# My newest favorite vinaigrette!!



## aHobbs (Mar 28, 2009)

My new favorite vinaigrette is olive oil, tarragon vinegar, salt pepper! That tarragon vinegar is delicious!!!!


----------



## mudbug (Mar 28, 2009)

not always easy to find, tarragon vinegar.  where do you shop?


----------



## lyndalou (Mar 29, 2009)

Sometimes you can find "different" vinegars, oils, etc. at stores such as TJ Maxx. That's where I buy champagne vinegar.


----------



## SharonT (Mar 29, 2009)

I almost always use white balsamic vinegar for a vinaigrette, but tried tarragon vinegar last night since I had some on hand - yep, it was good.


----------



## kitchenelf (Mar 29, 2009)

aHobbs - thanks for the recommendation.  I always have tarragon vinegar on hand and use it in Green Goddess Dressing.  Why I never thought to use it in a straight vinaigrette is a myster!   I LOVE tarragon...again, thanks!  I bet you could do a version of German potato salad using it.


----------



## aHobbs (Apr 13, 2009)

mudbug said:


> not always easy to find, tarragon vinegar.  where do you shop?



I actually found my tarragon vinegar at Walmart


----------



## aHobbs (Apr 13, 2009)

kitchenelf said:


> aHobbs - thanks for the recommendation.  I always have tarragon vinegar on hand and use it in Green Goddess Dressing.  Why I never thought to use it in a straight vinaigrette is a myster!   I LOVE tarragon...again, thanks!  I bet you could do a version of German potato salad using it.

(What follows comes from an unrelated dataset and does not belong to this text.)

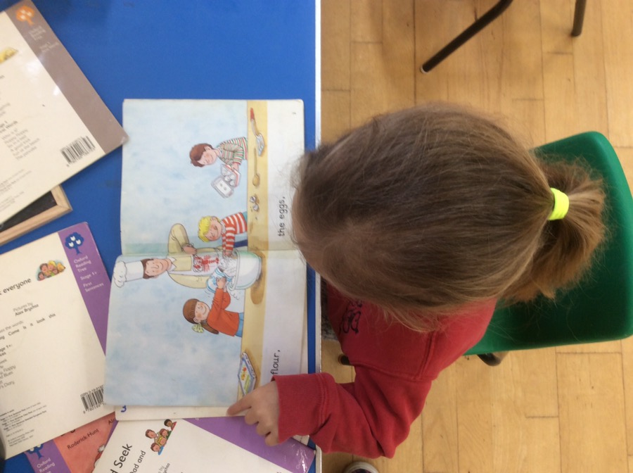 Some of the children were in the literacy area using chalks to form letters. There are always Biff and Chip books to look through in this area. Some of the children made up their own narratives looking at the pictures for reference.

Oh I like the German potato salad idea!!!


----------



## letscook (Apr 14, 2009)

if you can't find tarragon vinegar, you can always make it. 
take a bottle, 
put in some fresh tarragon ( dried I don't Know never tried it)
bring white vinegar to just a boil and pour into your bottle
let set week - or 2


----------



## BreezyCooking (Apr 14, 2009)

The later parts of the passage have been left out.